At the end of 2021, IDA-eligible countries’ debt-service payments on long-term public and publicly guaranteed external debt totaled $46.2 billion—equivalent to 10.3 per cent of their exports of goods and services and 1.8 per cent of their gross national income (GNI), according to the report.

Those percentages were up significantly from 2010, when they stood at 3.2 per cent and 0.7 per cent respectively.

“In 2022, IDA countries’ debt-service payments on their public and publicly guaranteed debt are projected to rise by 35 percent to more than $62 billion, one of the highest annual increases of the past two decades. China is expected to account for 66 per cent of the debt-service payments to be made by IDA countries on their official bilateral debt.

“The debt crisis facing developing countries has intensified,” said World Bank Group President David Malpass. “A comprehensive approach is needed to reduce debt, increase transparency, and facilitate swifter restructuring—so countries can focus on spending that supports growth and reduces poverty. Without it, many countries and their governments face a fiscal crisis and political instability, with millions of people falling into poverty.”

On the surface, debt indicators seem to have improved in 2021, the report showed.

“As economic growth resumed following the global recession in 2020, public and publicly guaranteed external debt as a share of GNI returned to pre-pandemic proportions. However, this was not the case for IDA countries, where the debt- to-GNI ratio remained above the pre-pandemic level at 25 per cent. Moreover, the economic outlook has deteriorated considerably.

“In 2022, global growth is slowing sharply. Amid one of the most internationally synchronous episodes of monetary and fiscal policy tightening the world has seen in 50 years, the risk of a global recession next year has been rising. Currency depreciations have made matters worse for many developing countries whose debt is denominated in U.S. dollars. The 2021 debt-to-GNI improvement, as a result, is likely temporary.
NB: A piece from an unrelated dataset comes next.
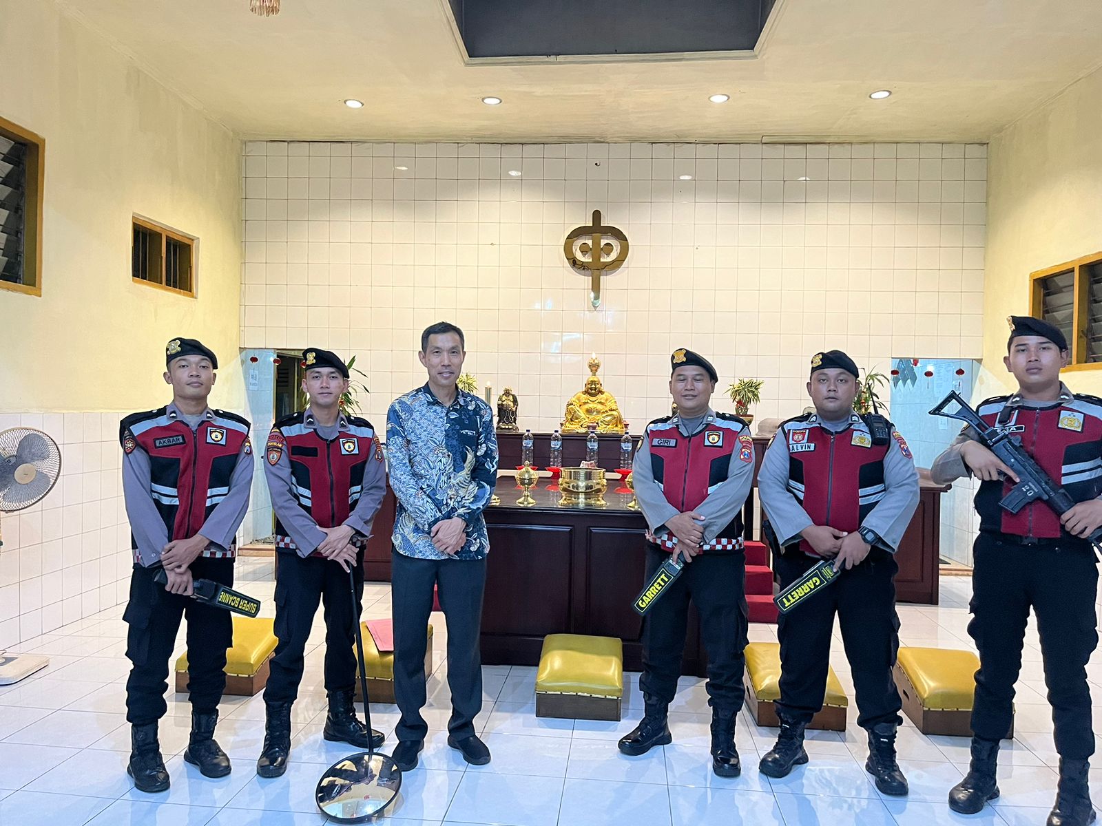 Menurut Kasat Samapta Polres Lumajang, AKP Sajito, S.H., M.H., sterilisasi ini dilakukan sebagai langkah preventif guna memastikan keamanan di area dalam vihara.
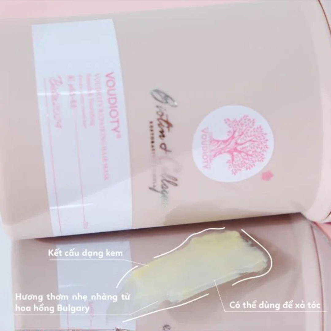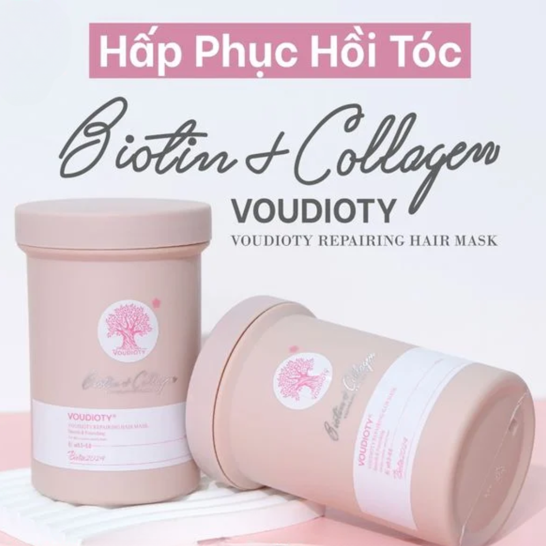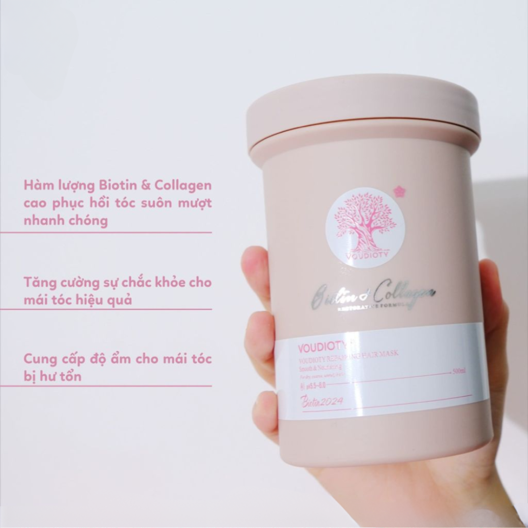 Hấp Tóc Phục Hồi Tái Sinh Tóc Biotin & Collagen Voudioty Repairing Hair Mask 500ml. Dầu Hấp Ủ Tóc Biotin Collagen hũ màu hồng là loại ủ tóc được tạo nên bởi sự kết hợp tuyệt vời giữa Biotin & Collagen mang đến hiệu quả cao trong giảm rụng tóc, hỗ trợ phát triển nang tóc cho mái tóc dày mượt ấn tượng.

“Over the past decade, the composition of debt owed by IDA countries has changed significantly. The share of external debt owed to private creditors has increased sharply. At the end of 2021, low- and middle-income economies owed 61 per cent of their public and publicly guaranteed debt to private creditors—an increase of 15 percentage points from 2010.

“IDA-eligible countries owed 21 per cent of their external debt to private creditors by the end of last year, a 16-point increase from 2010. Also, the share of debt owed to government creditors that don’t belong to the Paris Club (such as China, India, Saudi Arabia, United Arab Emirates, and others) has soared.

“At the end of 2021, China was the largest bilateral lender to IDA countries, accounting for 49 per cent of their bilateral debt stock—up from 18% in 2010. These developments have made it much harder for countries facing debt distress to quickly restructure their debt.

“The rising debt vulnerabilities underscore the urgent need to improve debt transparency and provide more complete debt information to strengthen countries’ ability to manage debt risks and use resources efficiently for sustainable development.”